The neosporine is good but I would still want to put something on there to keep the skin more supple the rest of the time. Even if you have to use Vaseline and rub it in good. We have used a horse product called Hoof Flex on some with the cracks at the top of the hoof line into the foot with pretty good results but I'm sure there is something that works better. You just want to keep it soft so instead of tearing and bleeding the skin will give. Get back to me OK.?
I took some
photos of Oinkys foot. Not the easiest thing in the world as he is lying
on his side and I have to lift his leg, shine a torch (flashlight) and
photo it all at the same time. However here are 3 photos basically the
same. There is not a photo of the other foot as that was too hard an angel
to get. Hope
this is going to ring a bell for you. Liz Oinky's
A: Picture came through good. This does look a lot like the pig last year that had this problem....he was in England. They put him on a strong antibiotic therapy and it worked for him. Their vet used Lincocin injectable but if you don't want to give shots every day than you could go with the Ampicillin 500mg and you have to give at the high end of the scale...like two of the 500mg capsules three times a day. (That's six total for the day of the 500mg ones)
They did it for seven days but ten days would be even better. This looks almost like an abscess that is now inside so you have to go after it there first and it takes a lot of antibiotic to get to the root of the problem. If you talk with your vet you might ask her to give it a try....nothing to lose but a sore and I really think this is a bacteria of some sort or it could be staph.
case the treatment would do nothing but help. I couldn't find other pigs
original post but am going to send you the last one where the pig healed
up and is doing fine....other than now he has arthritis.
Q: Max is currently taking Ampacillin for possible foot rot. The doctor has Max taking 500mg twice a day. Does that sound right? Max is 100lbs. Tammy
That dose sounds about right to me for a hundred lb pig. I think the last
one I helped with we put on the 500 mg three times a day for the first
few days to hit it hard in the beginning than dropped to the twice a day
but that was an extremely bad case.
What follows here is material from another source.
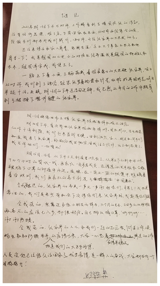 8月13日下午四点医院通知支援张家界采核酸队伍需要即刻出发,我义无反顾地踏上了支援张家界的道路,并选择了对你们隐瞒。一直到在张家界的第二天,和你们的视频通话,看出了我不在常德,请原谅我没有第一时间告知你们。闲暇时的通话,你们总是哽咽地叮嘱我,一定要注意安全啊,在酒店也一直反复叮嘱我戴好口罩,戴好口罩,我说我吃饭呢,怎么戴口罩。同时,我也是充满了自责,自古忠孝难两全,因为工作不在家乡,长时间不在你们身边,我照顾了那么多病人,却照顾不了我自己的父母。前段时间爸爸生病住院手术,我也只是抽出了几天时间去医院照看,看着你们自己从办理住院到办理出院忙前忙后,我却只是在手术同意书上签个字,你们从未责怪过我。所以感谢我那平凡又伟大的父母,从来只担心你们的女儿过得好不好。谢谢你们的理解,因为我们都知道,只有祖国越来越繁荣昌盛,我们老百姓才会越来越好。所以当国家需要我这个小士兵的时候,我必须去,只有前方的疫情控制了,后方的大家才能安全。在我们的国家,疫苗免费打,核酸免费做,这在别的国家是遥不可及的,我们生在红旗下,长在春风里,目光所致皆为华夏,五星闪耀皆为信仰。谢谢爸爸妈妈的支持,现在的我变得很勇敢,因为我的身后有你们,有我的医院,有我们的国家!

If he is doing well on the two than
that's fine too....you do see an improvement...right?
A: I'm glad you enjoyed the site and glad your a potbellied pig lover. Too few of us out there. You didn't mention Luther's age but if he is a young pig that you have had handled his feet a lot you might be able to do them. If he is older than it could be a problem. Feet don't usually need trimming until the pig is older and if they aren't long enough to cause him a problem than don't worry about it. I have trouble doing them too and I hate the stress of doing them by force and yet I hate to see them knocked out by the vets to have it done even more. Most vets don't use just the ISO Fluorine gas and tend to want to give an injectable first....the injectables cause lots of problems for our pigs. Our vet tends to agree with me that he never saw a pig die from having long feet but has seen them die from being knocked out to have them trimmed. On our older guys who tend to have long long feet we have a strong man pick the front end up and back onto the butt and we use horse nippers to get the worst off...not pretty and they yell a lot but its safe if done quickly.